Role in the SLED comparison¶
The SLED blog post positions DoLa as the prior state of the art among competing decoding methods — the baseline SLED is measured against. Two headline numbers from the comparison (blog-sourced, paper-authoritative):
- SLED improves accuracy up to +16 percentage points over both the base model and DoLa on "two challenging datasets" (not individually named in the blog) (Source: sources/2025-09-17-google-sled-making-llms-more-accurate-by-using-all-of-their-layers).
- SLED's decoding-time overhead is only ~4% higher than DoLa's, attributed to SLED computing per-layer LM-head projections across every layer instead of contrasting a pair (Source: sources/2025-09-17-google-sled-making-llms-more-accurate-by-using-all-of-their-layers).
The composability claim the SLED post makes — "SLED can be flexibly integrated with other factuality decoding methods" — explicitly includes DoLa-style contrast; the two are not architecturally exclusive.
What the SLED source discloses about DoLa¶
The Google Research SLED post names DoLa once as the prior SOTA and links to the GitHub repo and arXiv paper, but doesn't reproduce DoLa's mechanism.
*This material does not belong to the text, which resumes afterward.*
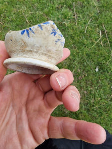 Marika Biacsics – Van der Horst stuurde ons deze foto’s van keramiek scherven die ze vond in de Loowaard. Opschrift P. Regout & Co, Maastricht. Wie weet er meer over te vertellen?
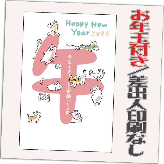 お年玉付き年賀はがきに印刷! はがき代・送料・消費税すべて込みの価格です! ゆうパケットにて発送【年賀状発売日(10/30)より順次発送】

Per the linked arXiv paper's abstract (referenced for context, not reconstructed as claims here), DoLa's rule is to amplify logit differences between a mature and a premature layer — no additional decoding-time machinery beyond the contrast. Concrete mechanism detail lives in the paper; this wiki page stops at what the SLED source confirms.
Relationship to other wiki primitives¶
- systems/sled — the SOTA successor as of NeurIPS 2024; SLED generalises "contrast two layers" to "weight-average all layers".
- concepts/factuality-decoding — the category DoLa instantiates alongside SLED.
- concepts/early-exit-logits — the shared primitive: vocabulary distributions from intermediate transformer layers, obtained by applying the final projection matrix to intermediate hidden states.
- concepts/logits — the underlying scores DoLa contrasts.
- concepts/llm-hallucination — the failure mode DoLa remediates.
- concepts/llm-decoding-step — the insertion point; DoLa is a modification of the final decoding phase.
Seen in¶
- sources/2025-09-17-google-sled-making-llms-more-accurate-by-using-all-of-their-layers — named as the prior best factuality-decoding baseline; the ~4% decoding-time and up-to-16%-accuracy comparison anchor for SLED.